Manager Christian Heidel meinte, die Bayern hätten "teilweise Pingpong mit uns gespielt". Nur, weil der deutsche Fußball-Rekordmeister zwei, drei Gänge zurückschaltete, kam Schalke glimpflicher davon als der HSV vier Tage zuvor (0:8). Weinzierl kritisierte offen das Zweikampfverhalten seines Spielführers Benedikt Höwedes sowie das von Max Meyer. Aber, fügte der Coach trotzig an, "wir werden uns schnell wieder aufrichten".

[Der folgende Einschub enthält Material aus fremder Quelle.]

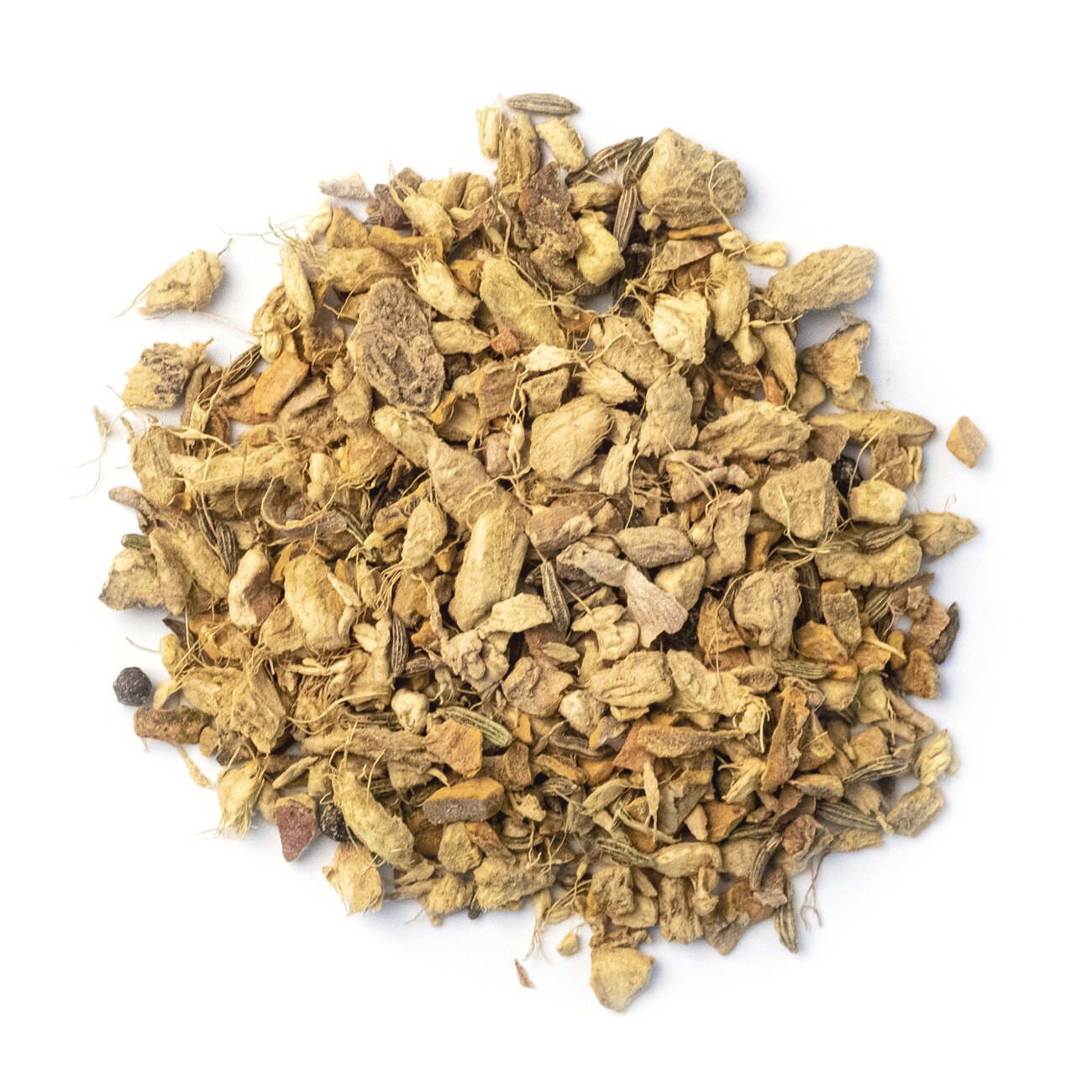 When ginger and turmeric team up it means hot times ahead! This spirited tea blend heats you up with two warming all-rounders – twice the warming power. Galangal is joining in the fun. This tuber is also part of the ginger family. Good taste is well known in this family. It goes well with exotic soups and curries.
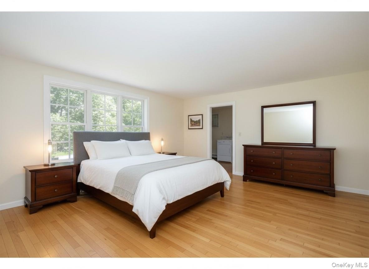 - Empty room featuring light wood-type flooring and washing machine and clothes dryer

Schon am Samstag (18.30 Uhr/Sky) im ersten Duell mit und bei der Borussia muss eine Reaktion her, um die Mini-Chance auf Europa zu erhalten. Die wie seine Nebenleute überforderte Münchner Leihgabe Holger Badstuber, die per Gelb-Roter Karte (77.) vom Platz geflogen war, forderte aber zunächst eine Aufarbeitung. "Jetzt geht es nicht um Europa, es geht um dieses Spiel", sagte er: "Wir hatten die Plattform, alles rauszuhauen und haben's nicht hinbekommen." Schalke habe "einiges aufzuholen".

Ganz anders die Borussia. Trainer Dieter Hecking, der Gladbach mit sieben Siegen in zehn Spielen (zwei Niederlagen) wiederbelebte, gab sogar forsch den Pokalsieg als Ziel aus. Im Halbfinale, das der VfL erstmals seit fünf Jahren wieder erreichte, kommt Ende April Eintracht Frankfurt in den Borussia-Park; zuvor aber warten die Duelle mit S04 in Liga und im Achtelfinale der Europa League.

"Mit dieser Einstellung", sagte Mittelfeldspieler Jonas Hofmann in Hamburg, "haben wir gegen jeden Gegner eine Chance." Und, vor allem, mit diesem Kapitän. Stindl ebnete gegen einen lange besseren HSV mit seinem verwandelten Elfmeter (53.) den Weg ins Halbfinale. "Er ist megapräsent und momentan in einer herausragenden Verfassung", sagte Hecking über den 28-Jährigen, der mit seinem achten Tor in diesem Jahr das nächste Bewerbungsschreiben bei Bundestrainer Joachim Löw einreichte.

"Der Sommerurlaub ist schon ein Stück weit geplant", sagte der Familienvater zwar und eine Reiserücktrittversicherung "momentan noch nicht" Thema, aber gegen eine Einladung zum Confed Cup in Russland würde er sich sicher nicht wehren. Allzu sehr will er aber nicht Richtung DFB-Elf schielen: "Es macht im Moment so viel Spaß, da denke ich noch nicht an die mittelfristige Zukunft."